La lluvía caía fuertemente sobre la luna del coche, los limpiaparabrisas se deslizaban arriba y abajo, a un ritmo desenfrenado. Y el llanto continuaba...
El coche paró frente a un convento, tras media hora de trayecto. La figura másculina salió del coche, llevándose la cesta con él.
La posó sobre el suelo, justo ante la entrada de la pequeña capillita y golpeó la puerta con fuerza. Se giró y salió andando rápidamente, para meterse de nuevo en el coche y acelerar.
El coche se perdió en el horizonte al tiempo que una jovencita de melena castaña abria la puerta, con un simple camisón puesto. Miró hacia abajo y vio dos pequeños bebés llorando, arropados por una mantita azul, en el interior de una cesta.
Recogió la cesta y se metió dentro de nuevo. Muchas de sus hermanas acudieron a su lado para ver que ocurría.

- Han traido otro par - susurró la jóven que los había recogido. - Avisad a la Madre Superiora.
- Sí, hermana Meiko. - la propietaria de esa voz inclinó levemente el rostro y desapareció por el pasillo.
- Debemos llevarlos a la sección donde estan el resto de los niños.
- Yo lo haré - pronunció Meiko. - Quiero hacerme cargo de ellos personalmente.

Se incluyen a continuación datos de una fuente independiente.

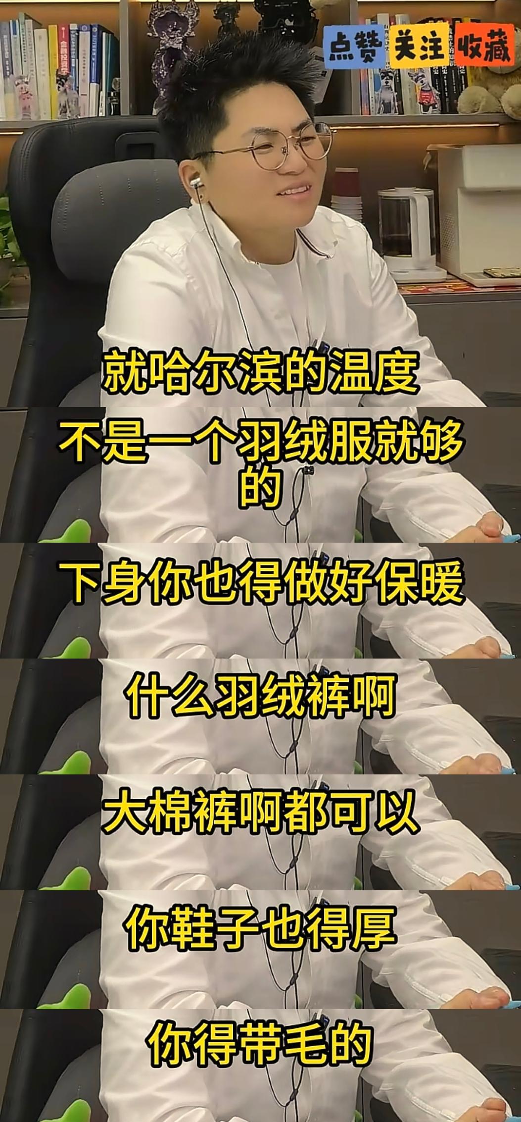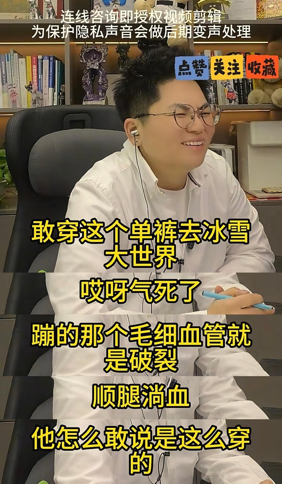 前幾天在網上有個人發視頻說穿着大短褲去冰雪大世界。這個醫生看了氣得要死。因爲太冷的話就會導致毛細血管破裂,甚至會出血。人家是冷的流鼻涕,你是冷得爆血管流血。

La jóvencita se llevó con ella a los recién llegados, perdiéndose por un pasillo a la derecha.
Llegó a un pasillo a oscuras y en silencio y se adentró en un cuarto. Dentro había cuatro cunas, dos de ellas ocupadas. Sacó del interior del cesto a los recién nacidos y depositó a cada uno de ellos en las cunas vacías. Les besó la frente y salió del cuarto, dejándo a los cuatro bebes dormidos.
Cuando llegó a la entrada de nuevo, la Madre Superiora salió a su encuentro, seguida por otras hermanas.

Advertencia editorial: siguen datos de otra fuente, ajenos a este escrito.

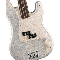 Experience modern craftsmanship with a touch of sparkle in the Player II Precision Bass. Crafted with a resonant alder body finished in eye-catching Diamond Dust Sparkle, this instrument delivers both style and substance. The Modern "C" shaped maple neck with 9.5" radius rosewood fingerboard, rolled edges, and medium jumbo frets provide the smooth, comfortable playability that today's players crave. The 75th Anniversary Thunderbolt™ Precision Bass® pickup delivers rich, powerful tones with enhanced clarity and punch that cuts through any mix. Other quality appointments include a 4-Saddle Bridge with Single-Groove Steel “Barrel” Saddles, open-gear tuning machines and a 4-ply pearloid pickguard with chrome hardware throughout. This exceptional 75th Anniversary Player II Sparkle Precision Bass combines contemporary appointments with a premium sparkle finish, perfect for players who want to stand out while delivering that legendary P-Bass sound.

- Me han dicho que son otros dos, gemelos.
- Asi es, señora.
- Hermana Meiko, ¿Te ofreces como encargada de estos dos también?
- Sí, señora. - inclinó levemente el rostro.
- Muy bien ¿Qué nombre ostentarán a partir de ahora?

Meiko quedó en silencio, mirando a su superiora a los ojos. Se lo pensó apenas unos segundos antes de contestar.

- El chico se llamará Len y la chica Rin, señora.
- Muy bien, en un par de meses serán bautizados con esos nombres. Buenas noches Hermanas.
- Buenas noches, Madre Superiora - susurraron todas al unísono.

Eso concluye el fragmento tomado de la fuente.